• ABOUT THIS EXERCISE
Pictures in the listing do not belong in the copy, which should repeat exactly the lines from the one holding "CHW Gael Endjitamatohi" through the last line.

• EXTRACTED RECORDS
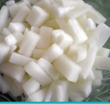 作法: 白萝卜切块, 洒上少许盐,放置半小时,待流出液体之后洗掉,再加适量的糖及醋,
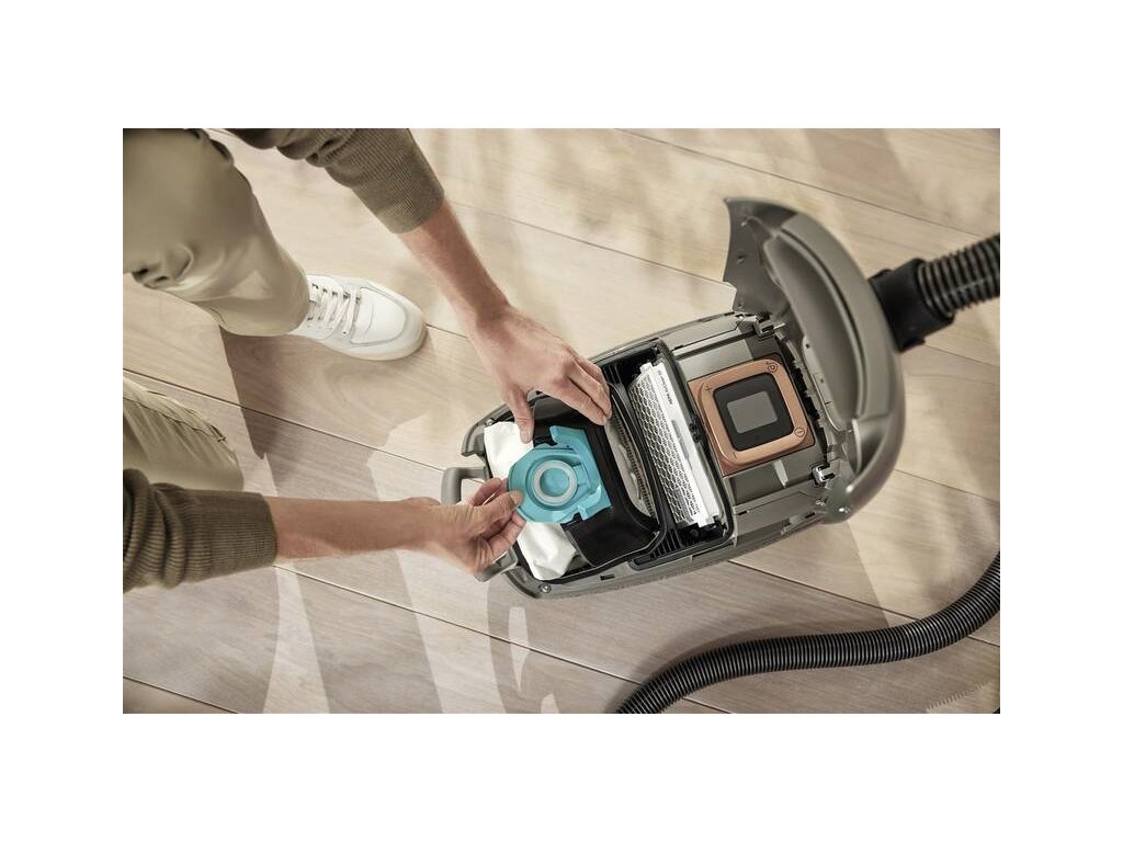 Pokročilá filtračná technológia a špeciálne prachové vrecká umožnia, že si môžete užívať vysokú úroveň hygieny vo vašej domácnosti s filtračnou účinnosťou 99,99 %. Systém ComfortFit zaisťuje ľahké vkladanie prachových vreciek a bezpečné uzavretie, ktoré zabraňuje úniku prachu a robí výmenu vrecka mimoriadne hygienickou. Nové prachové vrecká sú navyše vyrobené viac ako z 80 % z recyklovaných materiálov.
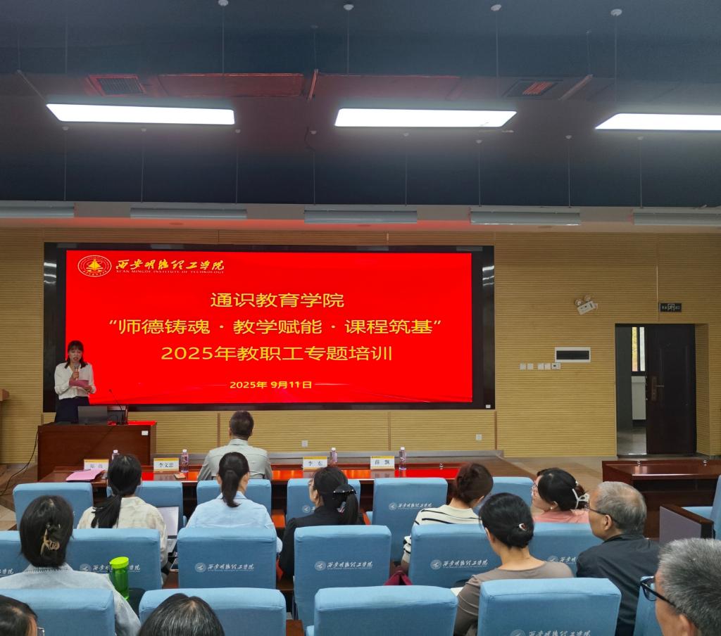 为深入贯彻落实新时代教育教学改革要求,进一步提升我院教师的课堂教学创新水平与教学改革研究素养,助力教师精准把握教育教学发展趋势,推动学院整体教学质量与人才培养质量再上新台阶,通识教育学院于9月11日—12日成功举办“师德铸魂·教学赋能·课程筑基”2025年教职工专题系列培训。
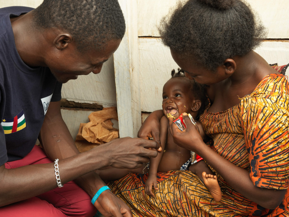 CHW Gael Endjitamatohi and Enriette Yitinzapa feed therapeutic food to Enriette’s daughter at PK3 camp.
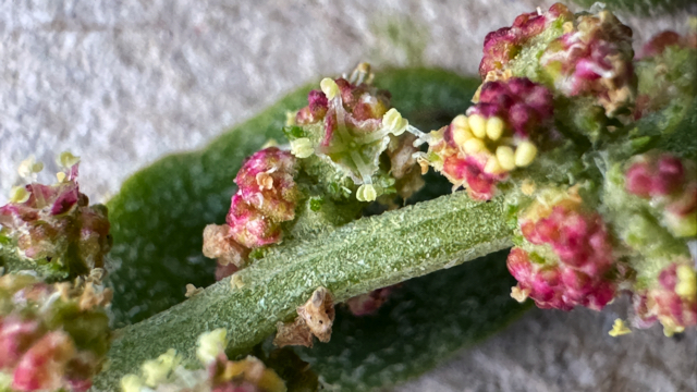 De bloeiwijzen aan de toppen van de stengels zijn aar tot pluimvormig en de kleine bloemen zitten in clusters of kluwens bijeen. Je vindt in de bloeiwijze twee typen bloemen door elkaar, namelijk mannelijk bloeiende meeldraadbloemen en vrouwelijke stamperbloemen. De mannelijk bloeiende bloemen hebben een bloemdek met vijf bloemdekbladen en vijf meeldraden die op de bloemdekbladen staan ingeplant. De stamperbloemen hebben een bovenstandig vruchtbeginsel met een stijl en twee stempellobben. Er staat geen bloemdek omheen, maar er zijn twee zogenaamde steelblaadjes die het vruchtbeginsel omvatten en als een beursje omsluiten. Deze steelblaadjes zijn aan de vlakke voet met elkaar vergroeid en blijven om de vrucht zitten. Deze steelblaadjes zijn driehoekig en enigszins getand. Er kunnen overigens altijd wel een paar tweeslachtige bloemen gevonden worden in de bloeiwijze.

• WRITTEN RESPONSE
 CHW Gael Endjitamatohi and Enriette Yitinzapa feed therapeutic food to Enriette’s daughter at PK3 camp.
 De bloeiwijzen aan de toppen van de stengels zijn aar tot pluimvormig en de kleine bloemen zitten in clusters of kluwens bijeen. Je vindt in de bloeiwijze twee typen bloemen door elkaar, namelijk mannelijk bloeiende meeldraadbloemen en vrouwelijke stamperbloemen. De mannelijk bloeiende bloemen hebben een bloemdek met vijf bloemdekbladen en vijf meeldraden die op de bloemdekbladen staan ingeplant. De stamperbloemen hebben een bovenstandig vruchtbeginsel met een stijl en twee stempellobben. Er staat geen bloemdek omheen, maar er zijn twee zogenaamde steelblaadjes die het vruchtbeginsel omvatten en als een beursje omsluiten. Deze steelblaadjes zijn aan de vlakke voet met elkaar vergroeid en blijven om de vrucht zitten. Deze steelblaadjes zijn driehoekig en enigszins getand. Er kunnen overigens altijd wel een paar tweeslachtige bloemen gevonden worden in de bloeiwijze.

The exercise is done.